In common speech, "data" and "statistics" are synonymous, but when doing research, they're not.

Statistics

Statistics are data that are already aggregated. Tables of information, like years of education vs mean income, bar charts, pie charts and statements like "20% of people don't understand statistics" are statistics. Or, to put it a different way, data turns into statistics once the analysis has been completed.

Data

Statistics don't generally arrive fully formed out of thin air. Their precursor is the raw information used to create them, or data. Data can take many forms, but several commonly encountered types can include:

Raw machine readable data, such as a 100000 line log of experimental interactions
Survey data, or the responses from each studied unit (like an individual) and all the responses to the survey
Environmental data, such as Temperature and rainfall information for a particular weather station for the past 100 years

These items are largely impenetrable until some sort of analysis has taken place on them. So, data is the precursor to statistics.

Singular or plural?

"Data" can be used as collective noun, thus "data is" is perfectly acceptable. Datum is also the singular of data, but is less commonly used. You may see "data is" in this guide. If this bothers you, you can create an agendum to discuss it.

 

Survey data

Surveys conducted by government organizations, private or not-for-profit organizations, or academic researchers are a common source of data for research. Each piece of data collected about a survey respondent is referred to as a variable, and each individual’s response is referred to as a case. Surveys may be cross-sectional (a snapshot of the respondents at one point in time) or longitudinal (repeated observations of the same respondents over a period of time.

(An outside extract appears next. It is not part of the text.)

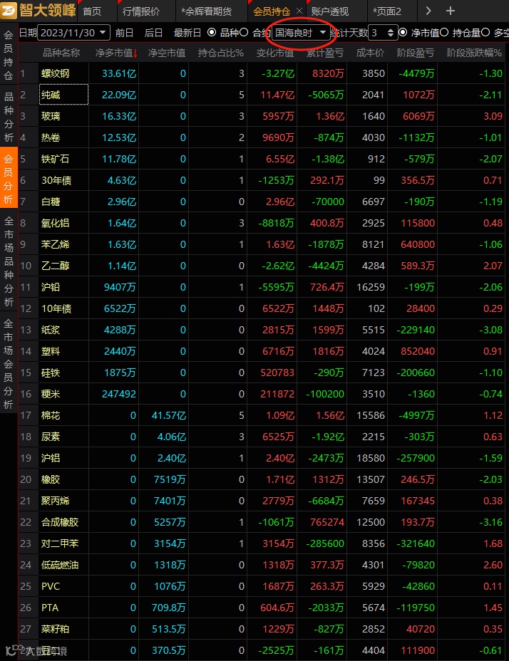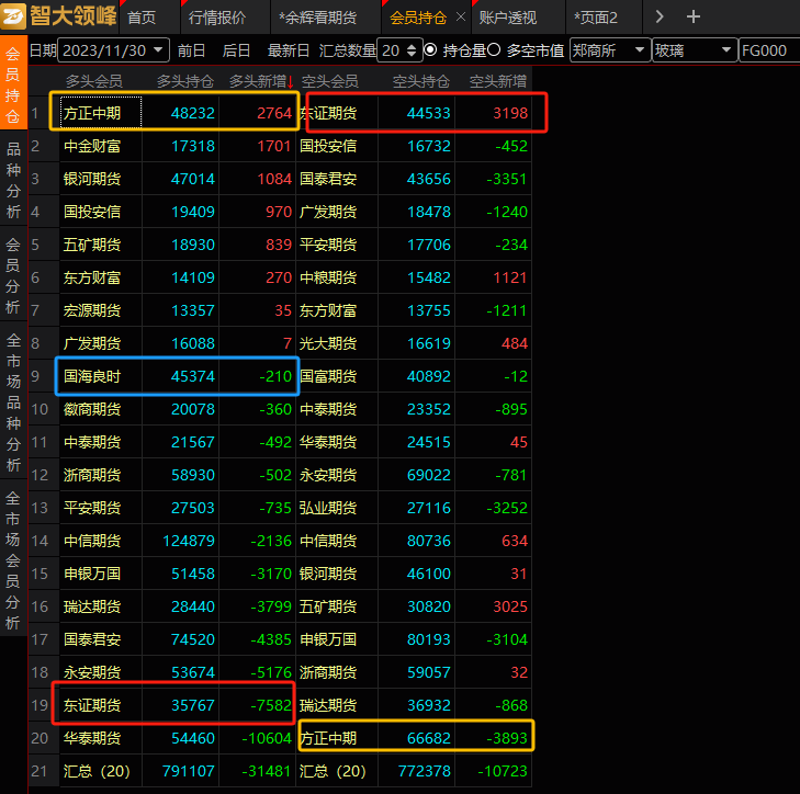 玻璃的整体逻辑,你去看昨天的文章《原创 | 抛弃螺纹钢后狂买玻璃,大佬8天豪赚1.17亿》,今天我主要来教第一次关注智大领峰的朋友如何看主力持仓,就以玻璃为例。

Statistics Canada is the primary source of Canadian survey data, which is available in aggregate or microdata forms:

Aggregate data is often presented in tables, reports, or maps that provide a thematic overview or analysis of the survey results. The Statistics Canada Data page is a good source of aggregate data.

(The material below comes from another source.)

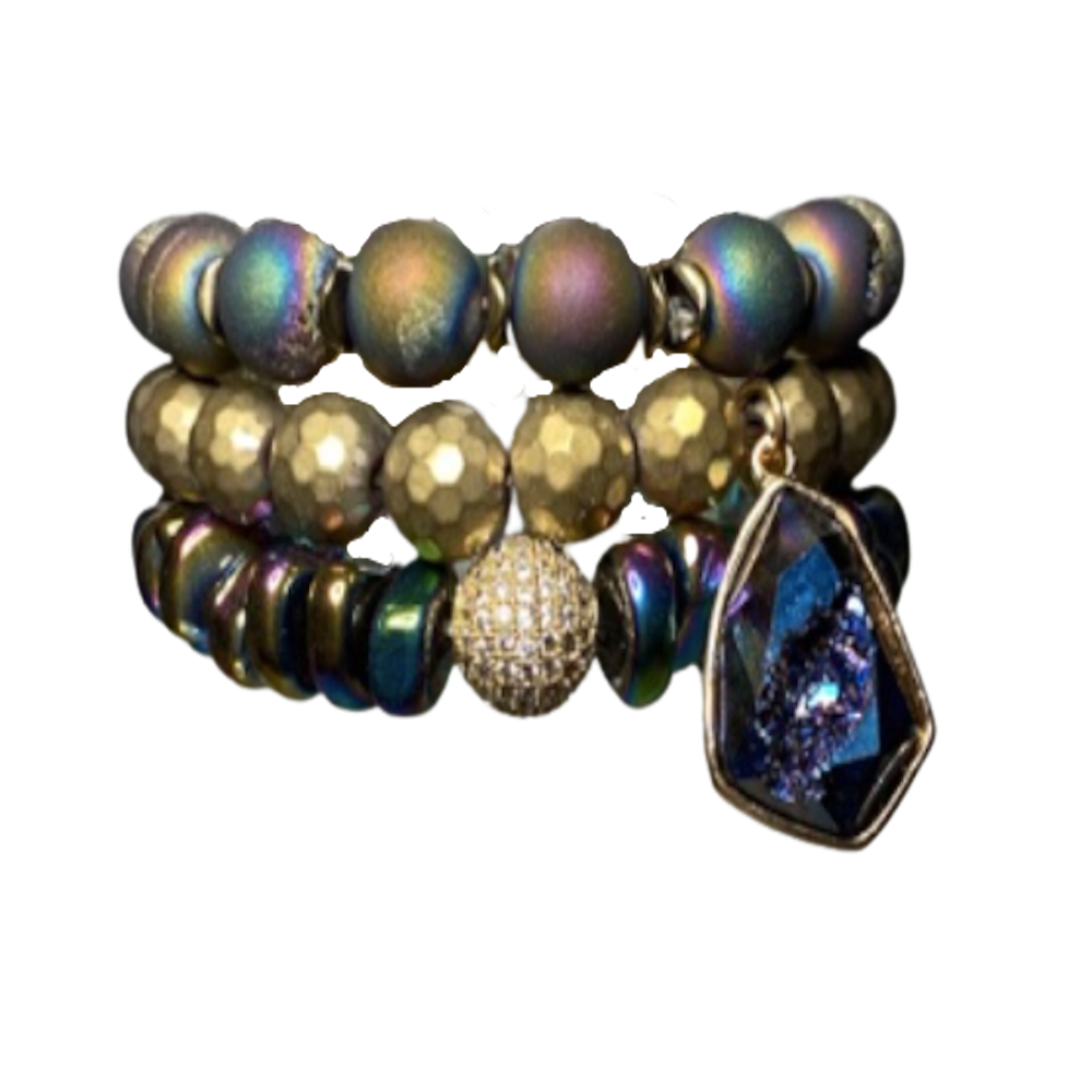 This stack of bracelets is truly unique! With rainbow druzy and hematite, these pieces can add a pop of color to your look.

Microdata consists of the individual survey responses. Statistics Canada provides data from many of their surveys in Public Use Microdata Files (PUMFs). Some variables are excluded or grouped in PUMFs to protect respondent confidentiality.* UBC's Abacus data repository is a good place to find Statistics Canada PUMFs.

Survey data is accompanied by documentation to help you interpret it. Consult the user's guide, data dictionary, and other documentation for information about survey methodology and variables.

 

* Researchers who need more detail than the PUMFs may apply for access to Statistics Canada Master Files (this is not generally available for undergraduate work). See Research Data Centres for more information.